Of course, when you’re 13 and some ancient pedagogue (though he was only, I now realise, 33) plasters red ink all over your best attempt at creative writing, you get the feeling that he must be an oracle and can do no wrong in matters of English grammar and style. So it’s quite an eye-opener to see an extended stretch of his prose laid out before me, and quite tempting to read it with red pen in hand.

One of the things I remember about his English lessons was that he made great efforts to get us to understand the importance of appropriate register. This is a tricky area, and the difficulties are shared by young native speakers as well as learners of English as a foreign language. How do you express willingness or enthusiasm for example? Are you keen on something? Dead keen on it? Exceedingly enthusiastic about it? The sort of exercise he would give us would be to take a job advertisement and ask us to write two different versions of an application, one in very informal (and thus inappropriate) English, and one in formal, much more appropriate English.

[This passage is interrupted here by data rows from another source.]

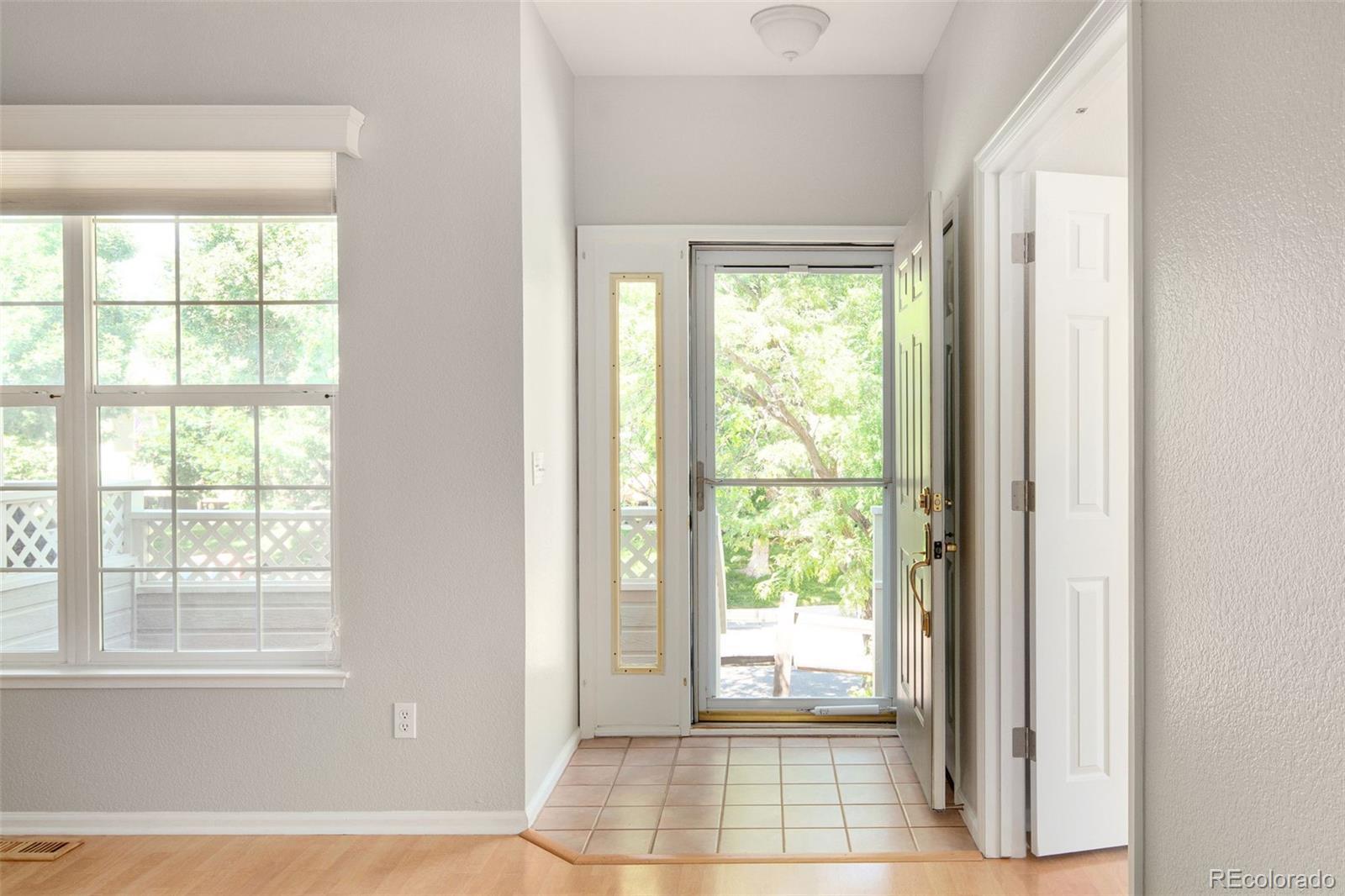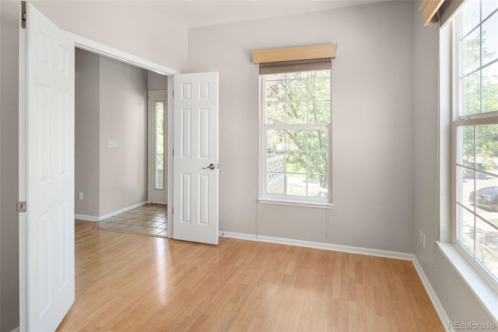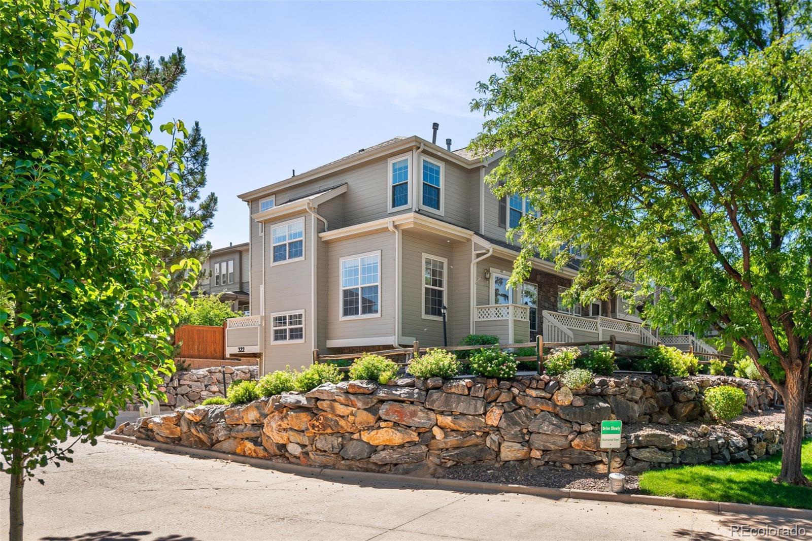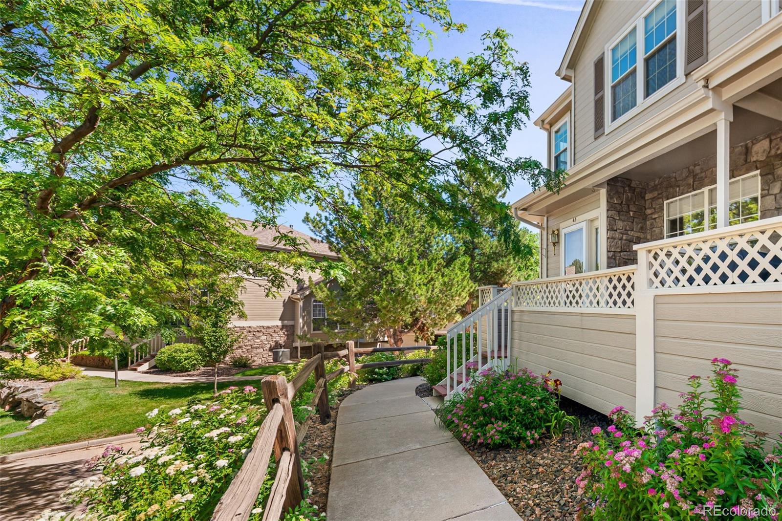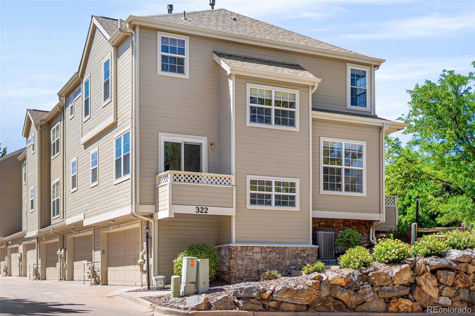 This bright and inviting end-unit townhome stands out with its extra privacy, natural light, and an attached oversized garage with built-in shelving and generous storage. Upstairs, the vaulted-ceiling primary suite offers a true retreat with a walk-in closet featuring a custom organization system and an ensuite bath with a soaking tub and added shelving. Inside, the open floor plan creates a warm, functional living space. The living room features a cozy gas fireplace, built-in bookshelves, and large windows that fill the home with natural light. French doors open to a versatile office or flex room, ideal for remote work. The dining area, accented by a stylish new light fixture, connects to a private balcony overlooking mature, HOA-maintained landscaping—perfect for morning coffee or evening relaxation. The thoughtfully designed kitchen provides ample cabinetry, generous counter space, and a full-size refrigerator. A main-floor laundry room with washer and dryer included adds everyday convenience. Two additional upstairs bedrooms offer bright, comfortable spaces, accompanied by an updated full bathroom. Additional highlights include multiple storage closets, a covered front porch, and well-maintained surroundings—all in a quiet Littleton location close to shopping, dining, parks, and major commuting routes. Move-in ready and beautifully maintained, this home offers comfort, style, and an unbeatable location.
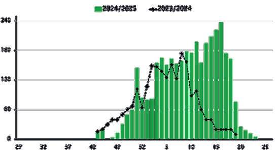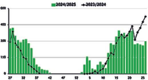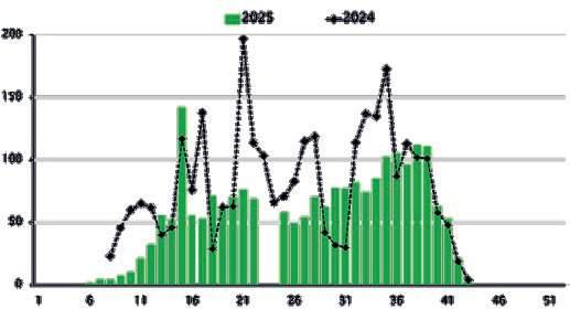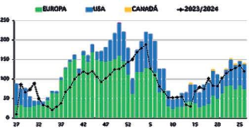 Data from Avobook confirm that Peru has been reducing its shipments in recent weeks. The peak was recorded in week 26, with about 860 containers arriving in Europe. Still, 2025 has exceeded the volumes exported in 2024, creating a stronger supply cushion in the first part of the campaign.
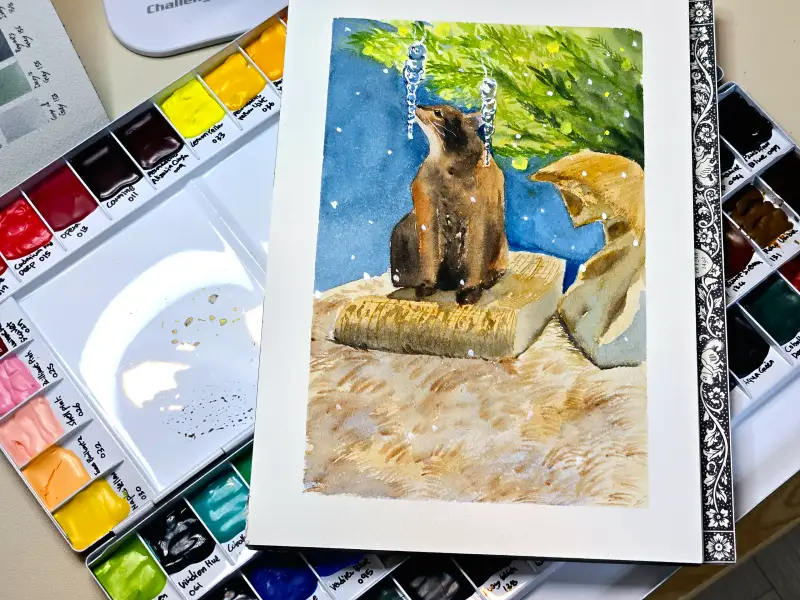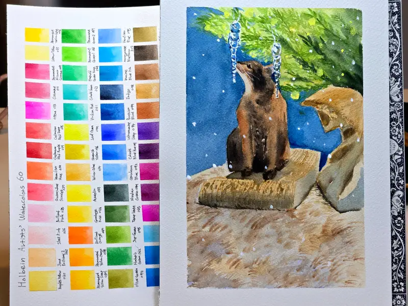 아래는 제가 12월 초? 11월말? 에 이합장지에 동양화물감 알파뉴채향으로 그린 오너먼트인데 같이 올려봅니다~
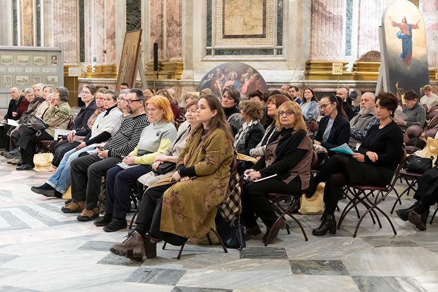 Он рассказал об уникальных материалах, хранящихся в университете: интереснейших чертежах, документирующих процесс создания собора, и коллекции из около 90 книг из личной библиотеки Монферрана с его пометками. Продолжая мысль отца Романа о символическом наследии, Игорь Павлович подчеркнул, что в соборе соединился духовный замысел, его художественное воплощение и инженерная мысль, без которой такое сооружение невозможно.
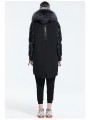 Luxusní kapuci zdobí bohatý kožešinový límec z pravého mývala, který dodává bundě elegantní a výrazný vzhled.
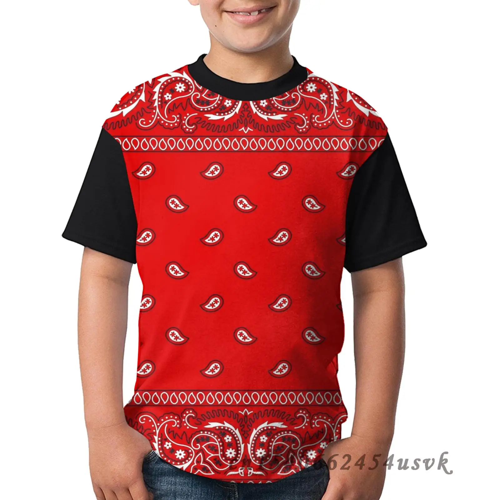 Забавная семейная одежда, бандана-красная Мужская футболка с принтом, женская футболка, детские топы с коротким рукавом, футболка
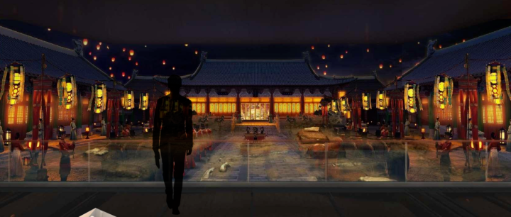 以正殿遺址所在之處為例,觀眾能在中區(qū)遺址的設(shè)計(jì)動線上看到三塊巨型幕布,將遺址北、東、西三面包圍住,通過視覺融合技術(shù)四面成像,打造成一個(gè)沉浸式CAVE空間,復(fù)原宮廷生活景象,以裸眼效果帶給觀眾身臨其境的感覺,觀眾可通過沉浸式互動解讀展示遺址信息,了解德壽宮遺址變遷及建筑營造制度,俯瞰臨安繁華,體驗(yàn)?zāi)纤位始叶Y儀。
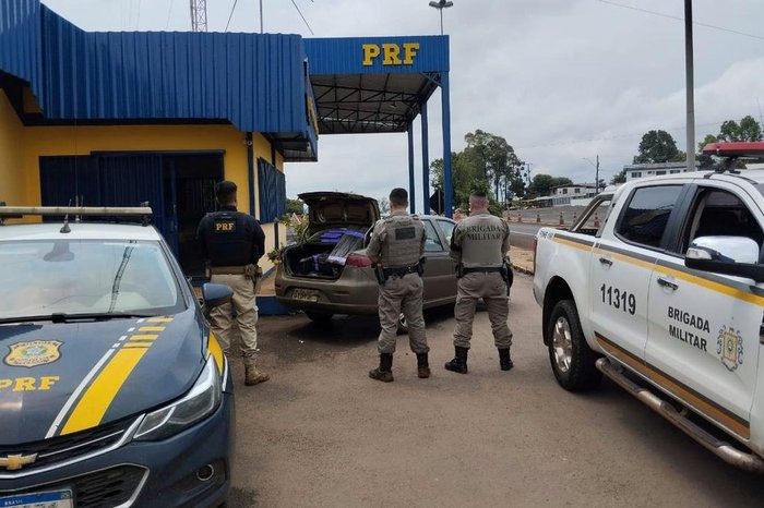 Com o apoio da Brigada Militar, a PRF realizou um cerco na região, resultando na localização da dupla após cinco horas de buscas. A revista no veículo revelou a presença de 333,4 quilos de maconha no porta-malas.
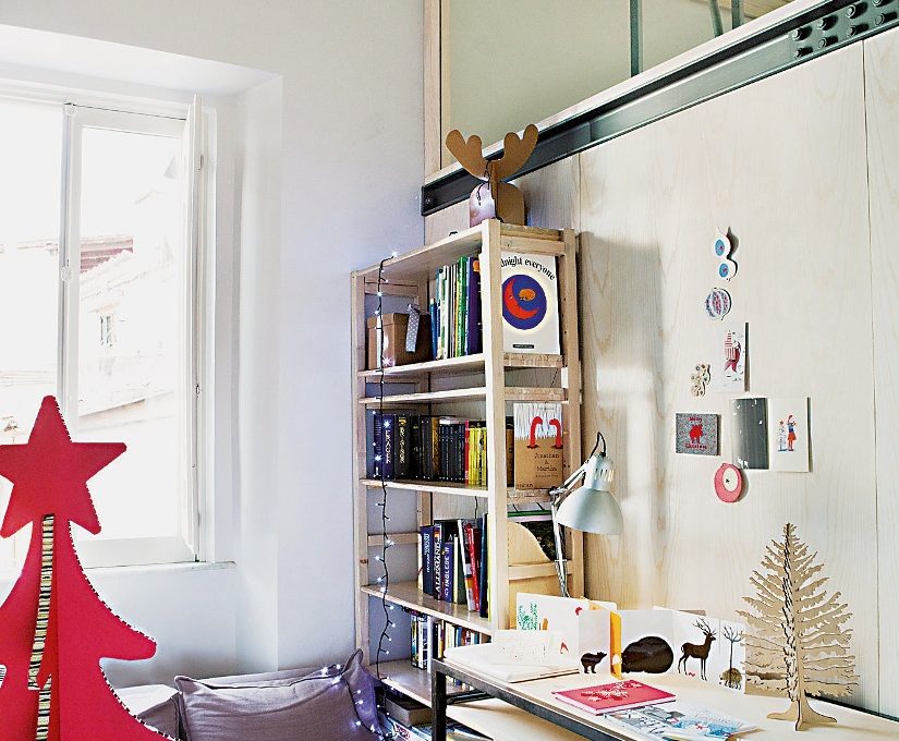 L’albero in cartone Xmas Tree Large (A4Adesign, 70x70x145h, €99) riempie la stanza, e la Renna Grande 3d di Essent’ial in cartone avana riciclato addobba la libreria Ivar di Ikea (90x30x179h, €49,42). Sullo scrittoio, una miniscenografia fatta con un alberello in legno (Trend House, da €13,50) e tanti biglietti d’auguri (Corraini Edizioni).
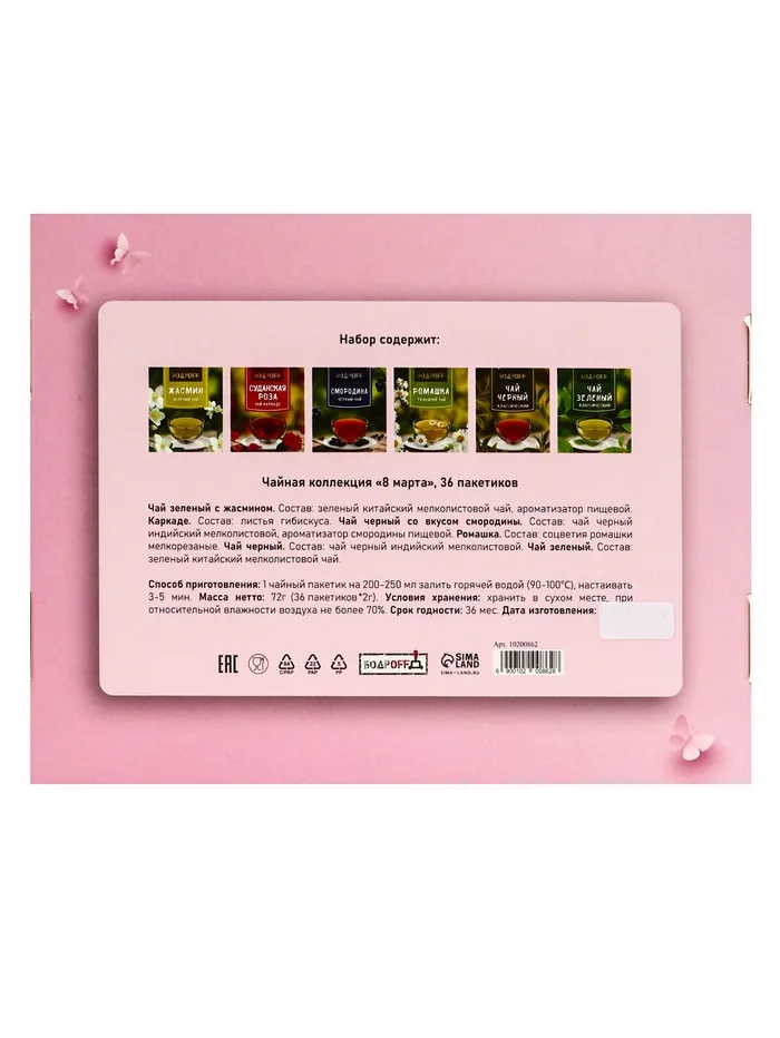 Чайная коллекция "8 марта" — это изысканный набор, созданный специально для празднования Международного женского дня. В упаковке содержится 36 пакетиков качественного чая, который подарит вам и вашим близким уникальные моменты наслаждения и уюта.

In our enthusiasm, we would usually overegg the pudding on the formal version and dream up something unbelievably pompous along the lines of:
Dear Sir,
With regard to your advertisement in the local newspaper of the 10th inst, I should like to avail myself of this opportunity to submit for your kind consideration my application for the post of head chef in your esteemed establishment’s kitchen. As you will see from the enclosed CV, I have long had a passion for haute cuisine and am cordon bleu trained …
and then gleefully translate it into something even more inappropriate such as:
Hi,
I clocked your ad in the local rag last week and I’m well up for the gig. I’m dead keen on all kinds of grub and can knock up a mean beans on toast …
It was certainly more fun than conjugating Latin verbs – a bothersome task that was inflicted both on the author and later on me by the same ‘Mac’ McIver.